Perhaps the best analogy here is to the locks on our cars. Even in my small city of 50,000, I am pretty sure that there are a few hundred people who in a space of just a few minutes can unlock my locked car and drive it away without benefit of a key. But I lock my car anyway, because I recognize that what can happen usually does not, and because I recognize that making things more difficult decreases the likelihood of theft, even if it does not eliminate it entirely. Similarly, although it is possible that the photographs of the assault on the Capitol on January 6, 2021, were complete fabrications, and even though it is probable—actually, certain—that they reflect the perspective, in the broadest sense of that word, of the photographer, they are not only far better than nothing—they also give an impression that is undoubtedly highly accurate, even if not perfectly accurate. And so too with the video recording of police officer Derek Chauvin’s killing of George Floyd, and, even earlier, the video of football player Ray Rice assaulting his wife in an elevator. In cases such as these, it is possible that the perpetrator’s denials would have been believed, but the photographic evidence added such a degree of reliability that flat-out denials became implausible. And thus both incidents are valuable reminders that although photographs and videos can be distorted, misinterpreted, and occasionally even fabricated, they often serve as far better evidence than first- or secondhand testimony, which can also be distorted, misinterpreted, and fabricated, and often to an even greater degree.

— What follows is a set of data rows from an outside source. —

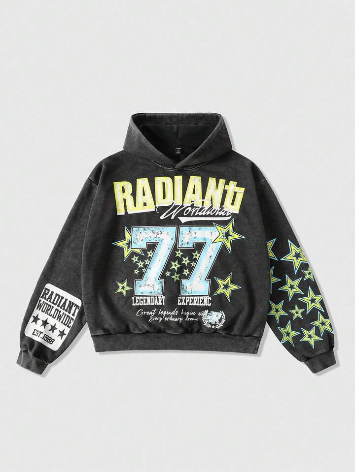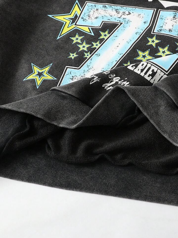 Street Life Sudadera corta con capucha lavada vintage No.77 para hombre, estilo streetwear, top de manga larga
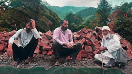 الصورة الأمامية: حقول الأرز في كشمير كما تظهر من أعلى. المصدر: كشمير لايف. صورة المقال: قرويون في أوري، شمال كشمير، يجلسون وسط أنقاض منازلهم التي دمرتها الاشتباكات بين القوات العسكرية الهندية والباكستانية في 26 يونيو 2025.
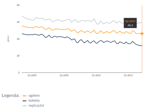 To jest prawdopodobnie najbardziej pozytywne zjawisko na polskim rynku pracy. Rośnie odsetek osób w wieku produkcyjnym (20-64 lata), które pracują lub poszukują pracy. Takich osób jest już prawie 75 procent. Jest to ważniejsze od zmian stopy bezrobocia, ponieważ stopa bezrobocia nie uwzględnia tych, którzy nie chcą lub nie mogą pracować (czyli nie szukają pracy). Na przykład, gdyby połowa ludzi w wieku produkcyjnym nie szukała pracy, a bezrobocie wynosiło 5 procent, wówczas trudno byłoby ocenić taką sytuację jako dobrą. Oznaczałoby to, że pracuje niecała połowa osób zdolnych do pracy, co przy współczesnym welfare state, w którym pracujący płacą za świadczenia społeczne i usługi publiczne dla niepracujących, wywoływałoby ogromną presję na wzrost podatków. Polska ma wciąż niższą aktywność zawodową niż średnia UE, dlatego musimy nadrabiać.
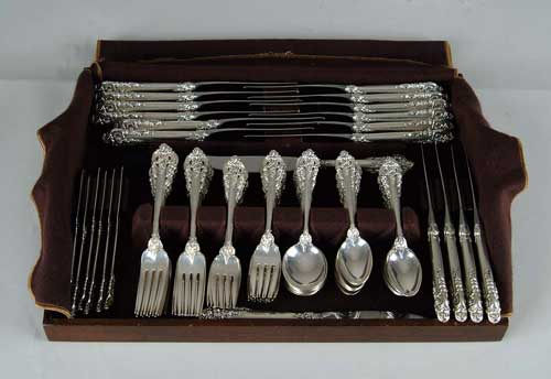 100-PIECE STERLING FLATWARE SET BY WALLACE IN THE GRAND BAROQUE PATTERN. Set consists of: Eighteen 9” knives; six 6-1/4” solid butter knives; eighteen 7-1/2” forks; twenty-three 6-1/2” forks; eleven 6” soup spoons; twenty-four 6” teaspoons. Sixty-eight pieces are lightly monogrammed. WEIGHT: 120 tr. oz. (weighable silver) CONDITION: Very good. 9-99410 (2,500-3,500)
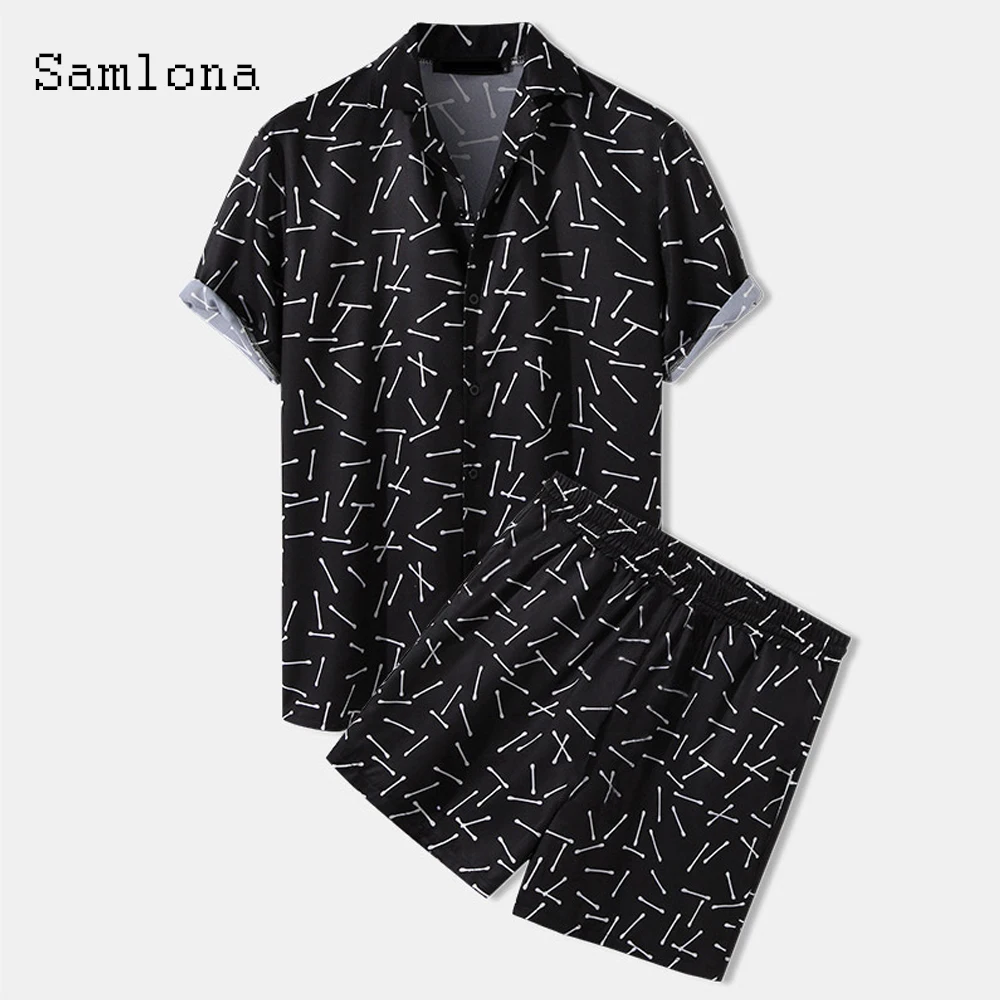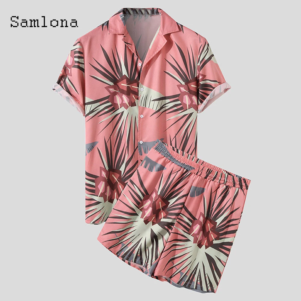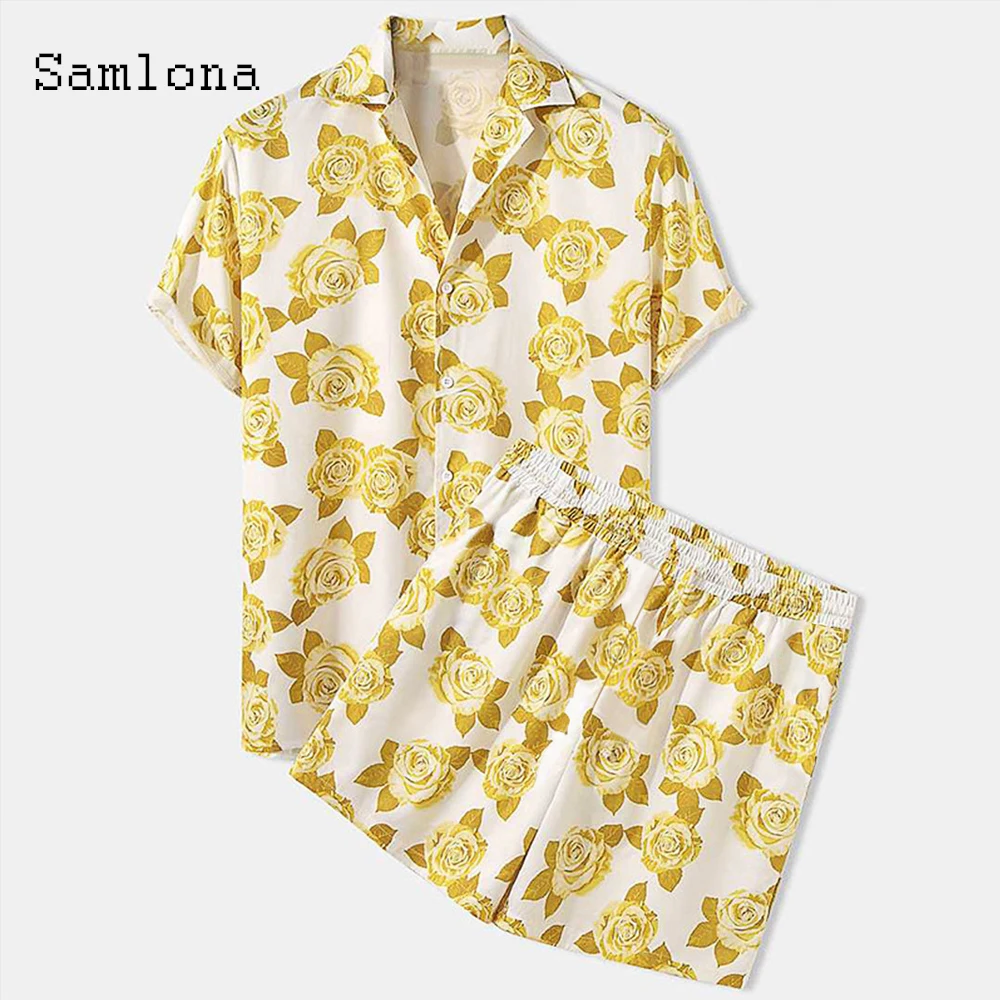 Мужской комплект одежды Samlona, из двух предметов, легкая пляжная одежда с цветочным принтом, размеры 3xl, размера плюс
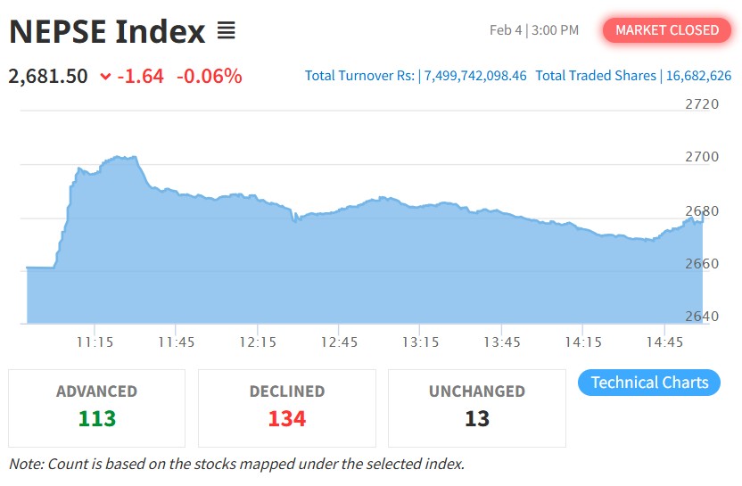 यस दिन नेप्से परिसूचक १.६४ अंक घटेर २ हजार ६ सय ८१ दशमलव ५० विन्दुमा झरेको छ।
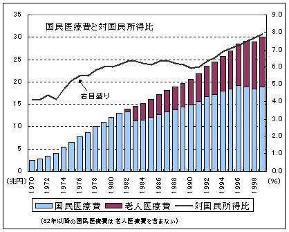 急速な高齢化は国民医療費の高騰をもたらし、医療制度の枠組みを維持することがもはや困難な状況を迎えている。国民医療費は平成11年度には30兆円に達する模様である。自己負担増による受診抑制効果があった平成10年度を除き、ここ10年程度の医療費は毎年平均1兆円、国民一人当たり1万円以上増加している。その牽引役が老人医療費であり、国民医療費に占める割合は約40%、老人一人当たりの診療費は年間70万円、若年層の5倍の水準である。高齢化は、コストの高い年齢層の増加率が高いということを意味しており、将来にわたり不可避な上昇要因である。
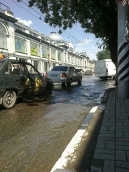 Как уточняет пресс-служба Водоканала, причиной затопления стало плановое откачивание воды из колодцев, принаблежащих службам, снабжающим город горячей водой. Работы проводятся как на Челюскинцев, так и на Сакко и Ванцетти.
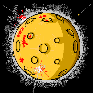 Il y a 4,5 milliards d'années le bombardement de la terre par des météorites crée de l'énergie qui fait fondre les roches et produit aussi du gaz. L'atmosphère est alors essentiellement composée de vapeur d'eau, et de dioxyde de carbone. Il contient aussi un peu de diazote. |
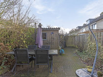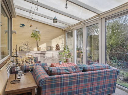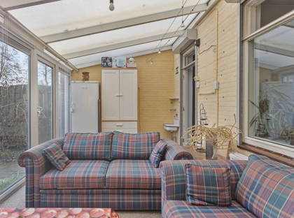 Achter de woning bevindt zich een fijne serre, ideaal om het hele jaar door van het buitenleven te genieten. De zonnige achtertuin ligt op het zuiden, heeft een achterom en beschikt over een stenen berging voor extra opslagruimte.
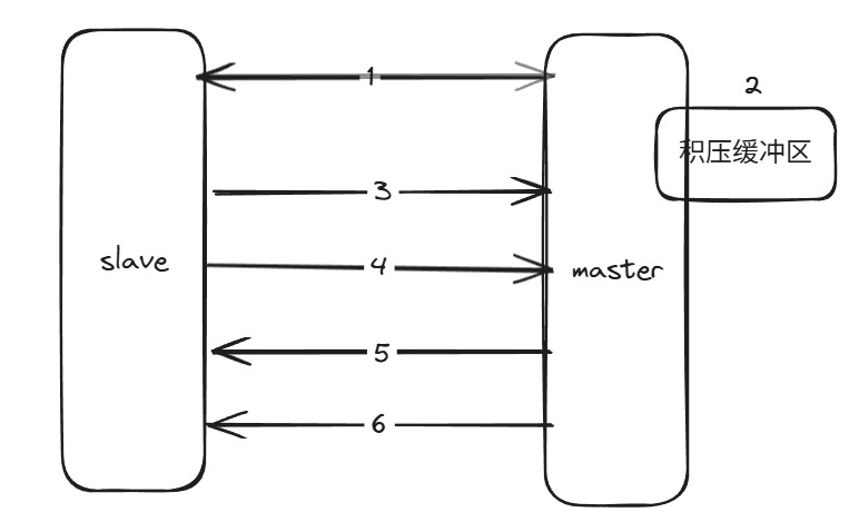 6.主节点将在生成rdb到接收完成期间执行的写命令,在缓冲区中,等到从节点把RDB文件保存完之后,主节点再将缓冲区内的数据补发给从节点。补发的数据扔然按照RDB的二进制格式追加写入到已经接收到的rdb文件中,保持主从一致性。
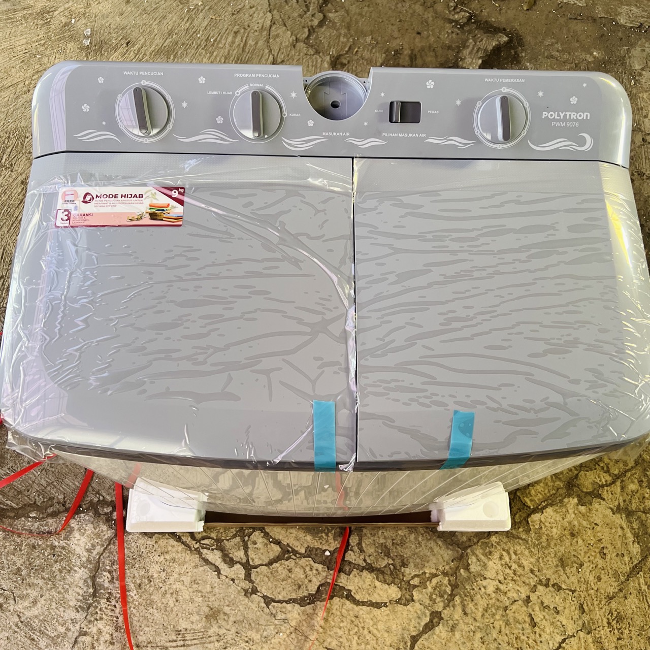 POLYTRON Mesin Cuci 9kg PWM9076 Original Garansi Resmi Twin Tub Washing Machine PWM-9076 Murah PWM 9076
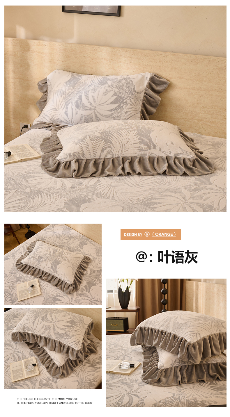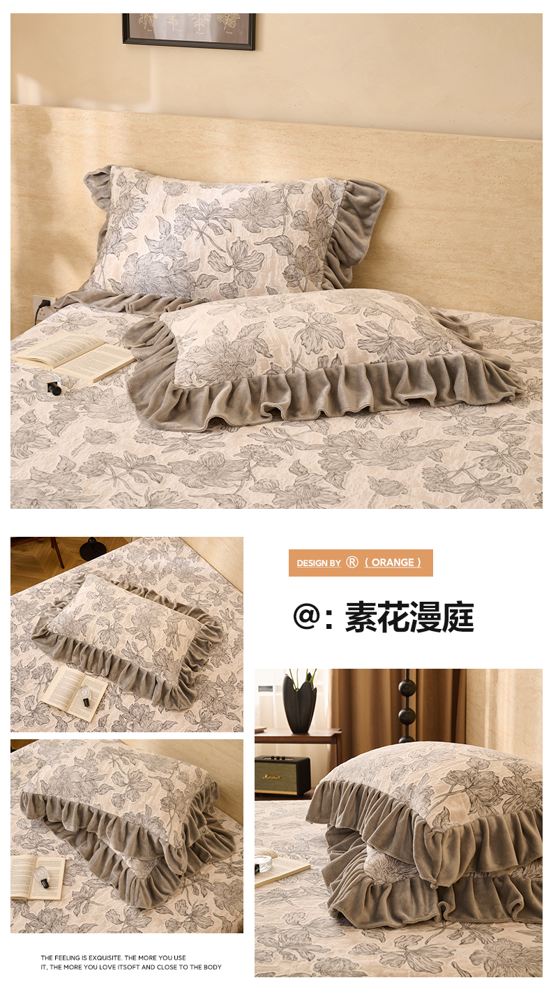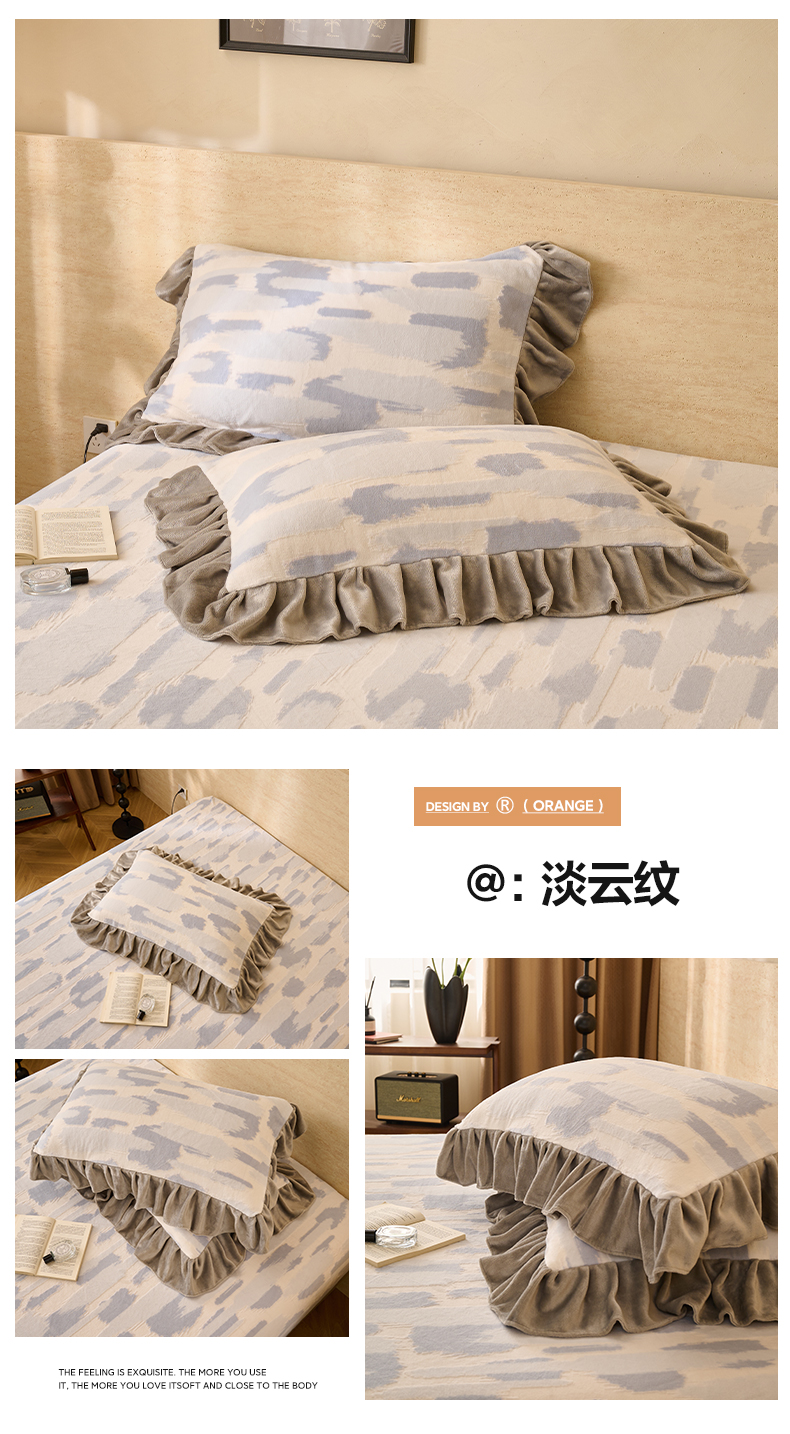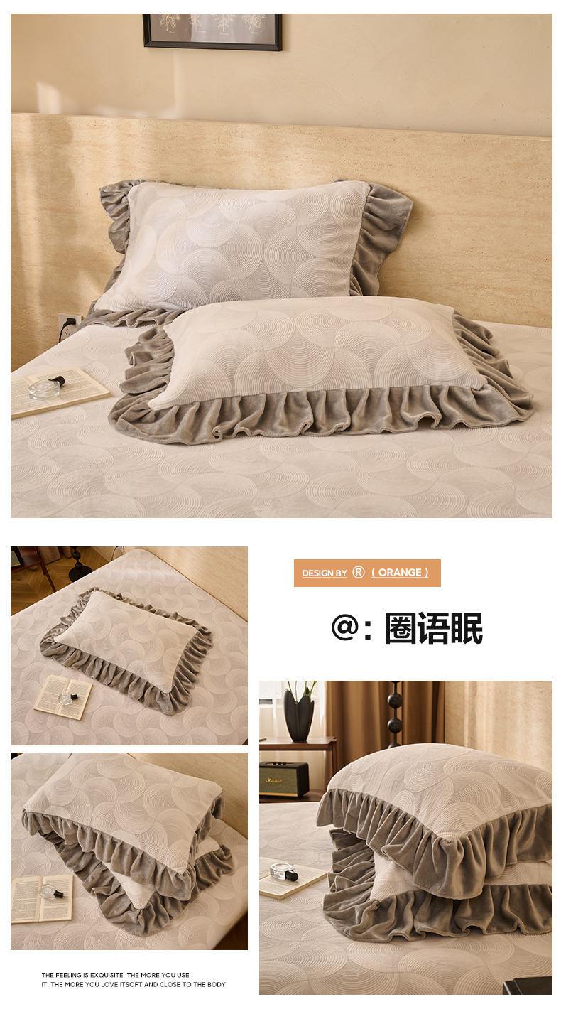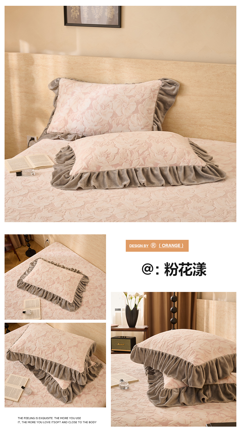 商品名称:早晨家纺 2025新款高克重牛奶绒烂花枕套 浅叙

The lessons about photography, therefore, track the lessons about eyewitness or other forms of first-person testimony. Skepticism is justified, but complete skepticism is not. Of course we should recognize that the inevitable human choices are as inherent in photography and sound recording as they are in human descriptions. But if the right amount of skepticism produces the conclusion that photographic evidence is far from perfect, we should remember that evidence that is far from perfect—just like almost all other evidence—is far from worthless.